Before cloning, you’ll need to set up an SSH key on Midway3 — just like you did on the CS Linux Servers — to authenticate with GitHub.

Follow the GitHub SSH setup instructions in the section below to complete this step.

Clone Your Repository

Once GitHub access is set up:

Clone your homework or project repository for the assignment.
Now you’re ready to get started working on your CUDA code!

Creating Your Private Repository¶

To actually get your private repository, you will need this invitation URL:

HW2 invitation (Please check the Post “HW 2 is ready” Ed)

When you click on an invitation URL, you will have to complete the following steps:

You will need to select your CNetID from a list. This will allow us to know what student is associated with each GitHub account. This step is only done for the very first invitation you accept.

Note

If you are on the waiting list for this course you will not have a repository made for you until you are admitted into the course. I will post the starter code on Ed so you can work on the assignment until you are admitted into the course.

You must click “Accept this assignment” or your repository will not actually be created.
After accepting the assignment, Github will take a few minutes to create your repository. You should receive an email from Github when your repository is ready. Normally, it’s ready within seconds and you can just refresh the page.
You now need to clone your repository (i.e., download it to your machine).
- Make sure you’ve set up SSH access on your GitHub account.
- For each repository, you will need to get the SSH URL of the repository. To get this URL, log into GitHub and navigate to your project repository (take into account that you will have a different repository per project). Then, click on the green “Code” button, and make sure the “SSH” tab is selected. Your repository URL should look something like this: git@github.com:mpcs52072-sum24/hw2-GITHUB-USERNAME.git.
- If you do not know how to use git clone to clone your repository then follow this guide that Github provides: Cloning a Repository

If you run into any issues, or need us to make any manual adjustments to your registration, please let us know via Ed Discussion.

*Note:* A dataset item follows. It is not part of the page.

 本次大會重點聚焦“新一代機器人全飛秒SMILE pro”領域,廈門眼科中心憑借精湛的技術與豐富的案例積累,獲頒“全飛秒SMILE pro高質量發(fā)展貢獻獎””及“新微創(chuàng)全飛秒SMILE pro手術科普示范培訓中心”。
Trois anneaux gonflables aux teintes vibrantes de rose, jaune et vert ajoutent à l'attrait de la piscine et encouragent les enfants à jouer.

Programming Problem: Grayscaling an Image¶

For this homework, you will implement a CUDA program that will take a PNG image and convert it to a grayscale representation. To help you get started, we have provided the code that

Includes a function that reads in a png file and returns a flatten 1D array of pixels along with the image width and height (see png_flatten_load inside hw2/png_flatten.h).
Includes a host side function, image_to_grayscale (inside hw2/grayscale.cu) that converts the flatten image of pixels to grayscale.
Includes a main file (i.e., grayscale.cu) that takes in two arguments: an input and output png file. The program loads in the input png file, converts it to grayscale, and saves it to output file path (see png_flatten_save inside hw2/png_flatten.h).

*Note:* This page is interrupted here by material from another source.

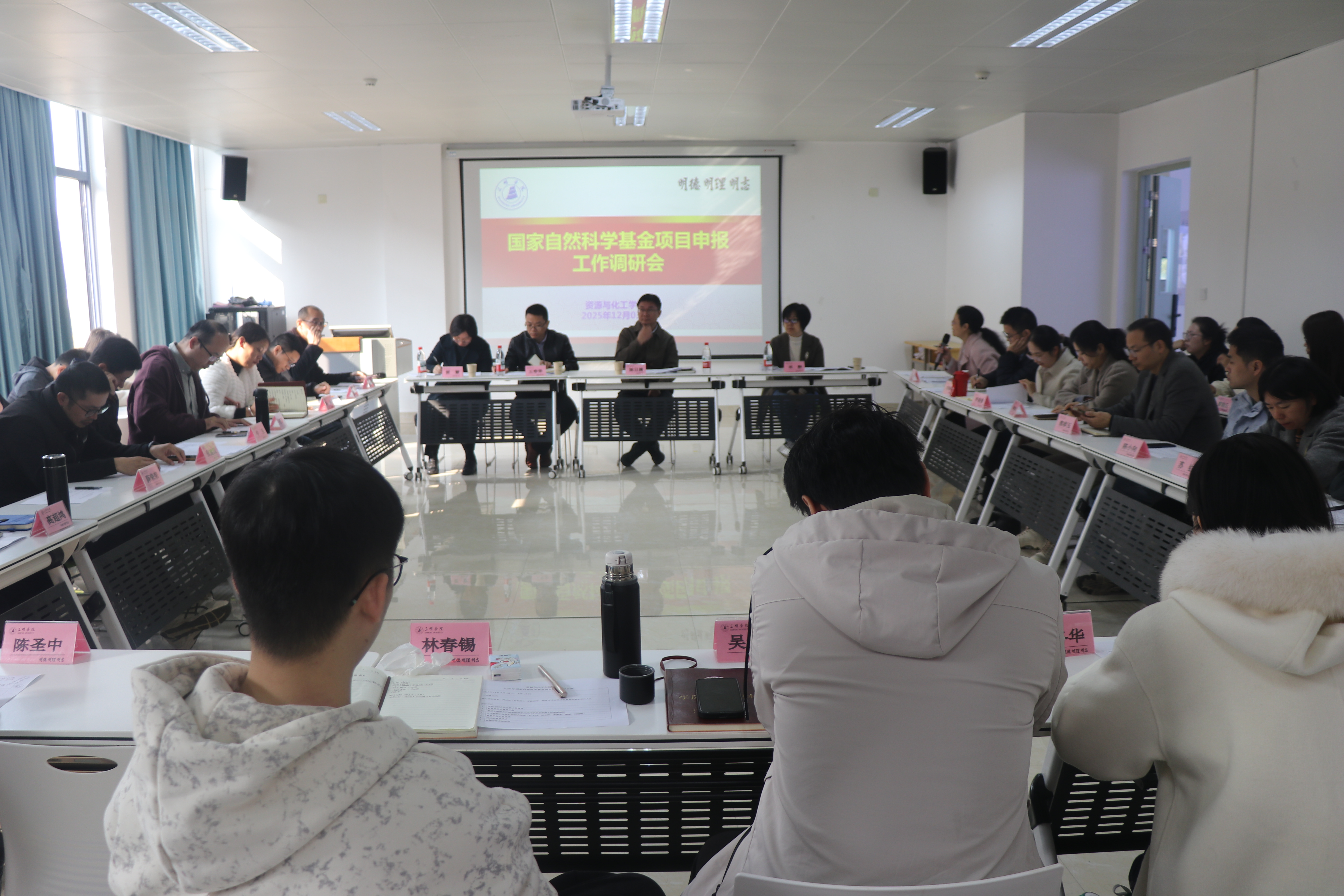 为扎实推进2026年度国家自然科学基金项目申报工作,有效提升申报质量与科研组织化水平,2025年12月3日上午,陈日清副校长携科技处(社科处)相关负责人到资源与化工学院调研国家自然科学基金申报工作情况,学院领导班子及全体2026年度国家自然科学基金申报人员共40余人参加会议。会议由学院党委负责人曾玲主持。

For the remainder of assignment, you will augment the grayscale.cu and write code to perform timing measurements on your program.

Task 0: Understanding, Compiling, and Running the Starter Code¶

Make sure you fulling understand how to use the provided starter code files

grayscale.cu
png_flatten.h
png_flatten.c

The flatten array (i.e., unsigned char *image inside grayscale.cu ) places all pixels adjacent to each other. Since each pixel is composed of 4 components (RGBA), the start of a new pixel in the array is offset by 4. You can see how to access each pixel by looking over the image_to_grayscale function and how it performs grayscaling. Do not modify the files png_flatten.h and png_flatten.c! These files are provided to help with easily loading, and saving png files. For this assignment, you must use a flatten version of the png file.

Grayscale Program: Usage and Behavior¶

Your grayscale.cu program must support the following command-line usage:

./grayscale [-p] [-d GRID BLOCK] input.png output.png

The purpose of this program is to convert a color image (input.png) into a grayscale image (output.png), using either a sequential CPU implementation or a parallel GPU implementation.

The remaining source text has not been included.